Зыбучий песок (сборник)
Шрифт:
Люкас оказался свободен. В полдень за обедом я рассказал ему обо всем.
— Да, сеньор Хаклют, — мрачно проговорил он. — В обоих случаях мы имеем дело с тем, что обычно называют «крепким орешком». Братья Мендоса поднаторели в том, как чернить неугодных людей в приличных выражениях, чтобы не навлечь на себя закон. Однако, поскольку вы являетесь гостем правительства, я считаю вполне возможным привлечь виновных к ответственности. По меньшей мере мы добьемся того, что заставим их замолчать.
— Неплохо, но недостаточно, — сказал я. — Я прошу расследовать роль Дальбана. Если это дело его рук, то хотелось бы,
Люкас записал что–то в свой небольшой блокнот.
— Я попрошу провести расследование, — произнес он. — К сожалению, не секрет, что влиятельный человек способен, скажем прямо, охладить рвение наших полицейских. Дальбан, несомненно; принадлежит к числу таких людей. Если говорить откровенно, мне самому небезынтересно узнать, что происходит с Дальбаном. Я лично ожидал, что он вступит в игру раньше.
— В какую игру? — живо поинтересовался Энжерс.
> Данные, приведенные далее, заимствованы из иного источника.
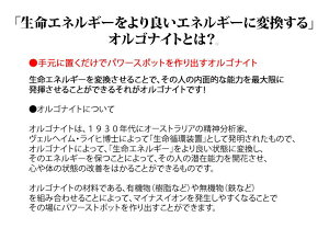 オルゴナイトの材料である、有機物(樹脂など)や無機物(鉄など) を組み合わせることによって、マイナスイオンを発生しやすくなることで その場にパワーストポットを作り出すことができます。
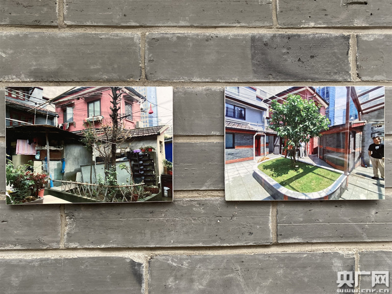 黃浦區(qū)南京東路街道江陰路72號(hào)內(nèi)展示著“微更新”前后的對(duì)照(央廣網(wǎng)記者唐奇云 攝)
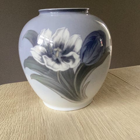 Royal Copenhagen Art Nouveau vase dekoreret med agern og sommerfugle, højde 17,5 cm, diameter 6 cm, pæn og velholdt og er som ny.
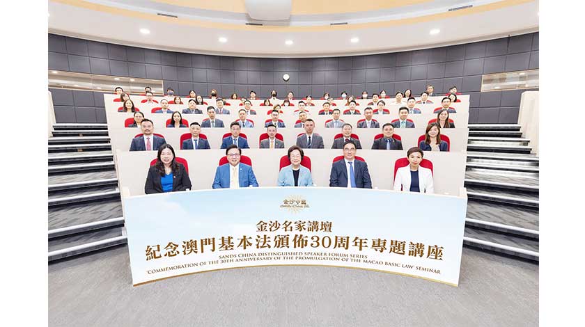 【特訊】金沙中國於6月2日在澳門威尼斯人艾德森高等教育中心舉辦「金沙名家講壇-紀念澳門基本法頒佈30周年」,特別邀請了第十三屆全國政協港澳台僑委員會副主任、前澳門基本法諮詢委員會常務委員兼經濟專責小組召集人賀定一擔任主講嘉賓,吸引近100名金沙中國管理層成員出席。

— Вы, конечно же, помните о штрафе, который наложили на Хуана Тесоля? Пока штраф не уплачен, фанатики из их партии наскребли только несколько сотен доларо. Но сегодня истекает двадцатидневный срок, установленный для уплаты. Многие хотели бы знать, действительно ли стоящие за партией лица ценят Тесоля так высоко, что готовы внести за него штраф.
Энжерс кивнул.
— Вы правы. Если за парня не внесут выкуп, это значит, что он больше никому не нужен, ведь он был тесно связан с Фрэнсисом. Тесолю приходится отвечать за него.
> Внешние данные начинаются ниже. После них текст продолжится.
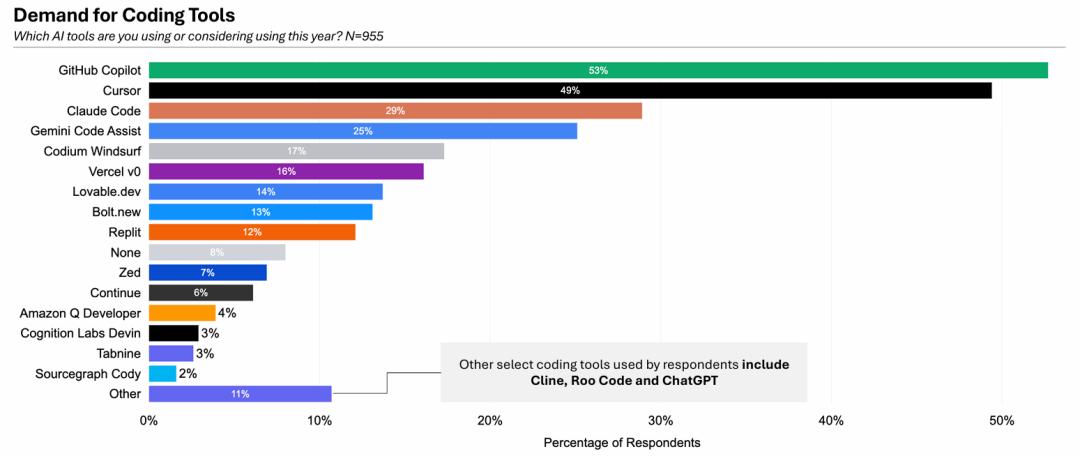 而在大模型编程助手这一定制化赛道上,用的最多还是Copliot和Curser,而国产的工具如Trace等则没有被统计。

— Из них двоих Тесоль, пожалуй, более темная личность, — задумчиво проговорил Люкас. Затем, улыбнувшись, добавил. — И все же интересно, раскошелятся ли они на тысячу доларо.
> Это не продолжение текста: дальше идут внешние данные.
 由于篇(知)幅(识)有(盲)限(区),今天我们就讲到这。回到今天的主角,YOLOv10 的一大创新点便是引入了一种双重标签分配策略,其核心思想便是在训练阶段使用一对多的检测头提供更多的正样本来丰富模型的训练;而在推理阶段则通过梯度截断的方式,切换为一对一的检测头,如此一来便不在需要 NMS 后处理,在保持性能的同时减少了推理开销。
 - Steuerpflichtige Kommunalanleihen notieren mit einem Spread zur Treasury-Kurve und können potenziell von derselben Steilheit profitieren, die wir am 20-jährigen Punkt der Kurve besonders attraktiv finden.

Энжерс, сосредоточенно о чем–то размышлявший, наконец сказал:
— Кажется, вы готовы согласиться с тем, что за всем этим стоит Дальбан. А имеет ли он влияние на «Тьемпо»? Мне всегда казалось, что за газетой стоит Мария Посадор.
Люкас пожал плечами.
— Мне представляется, что Мария Посадор — э… э… — как бы поточнее выразиться? — скорее прикрытие. Я считаю, что согласие на предложение Вадоса вернуться в Агуасуль значительно ослабило ее влияние. Теперь же я пристально слежу за Дальбаном.
Он посмотрел на часы, затем поднялся из–за стола.
— Прошу извинить, я заговорился. Сеньор Хаклют, не волнуйтесь, вашим делом займутся безотлагательно.
Его обещание не заставило себя ждать. На следующее утро на подносе с завтраком я обнаружил пакет. В нем находилось постановление суда, подписанное Ромеро, к которому была приколота записка со словами: «С уважением, Андрес Люкас», а также утренний выпуск «Тьемпо».
На первой странице бросалось в глаза пустое место с факсимиле официального цензора. Надпись гласила, что в этом разделе содержался материал, не соответствующий какому–то параграфу закона об общественном порядке.
Вот это другое дело! Как я узнал позже, полицейские в соответствии с указаниями Ромеро рано утром прибыли в редакцию «Тьемпо» и изъяли статью, в которой снова содержались нападки на меня.
Просмотрев газету, я понял, что Ромеро вчера пришлось потрудиться. По его распоряжению Тесоль за неуплату штрафа был арестован и заключен в тюрьму. Дальбан же и его сообщники не шевельнули пальцем, чтобы помочь ему.
Оказывается, эти члены народной партии — на самом деле жестокая публика. Пока безграмотный крестьянин–трибун был им полезен, они пользовались его доверием; когда же дело обернулось иначе, они бросили его на произвол судьбы.
Я развернул газету и еще раз убедился, как ловко поступают братья Мендоса. Люкас был прав. На этот раз Фелипе Мендоса обрушился на коррупцию в финансовом управлении. Имени Сейксаса не упоминалось, но из приведенных в статье фактов без труда можно было узнать, о ком шла речь.
Мне стало не по себе. Значит, постановление суда против братьев Мендоса еще не служит гарантией от нападок и клеветы. Правда, Люкас обещал расследовать роль Дальбана во всем этом деле. Если им удастся договориться, я смогу спокойно заниматься своей работой. Признаться, я молил бога о том, чтобы поскорее с ней развязаться.
Следовало при первой же возможности нанести Люкасу визит, чтобы поблагодарить его. Завтрак я заканчивал уже в более приятном расположении духа, чем это было накануне.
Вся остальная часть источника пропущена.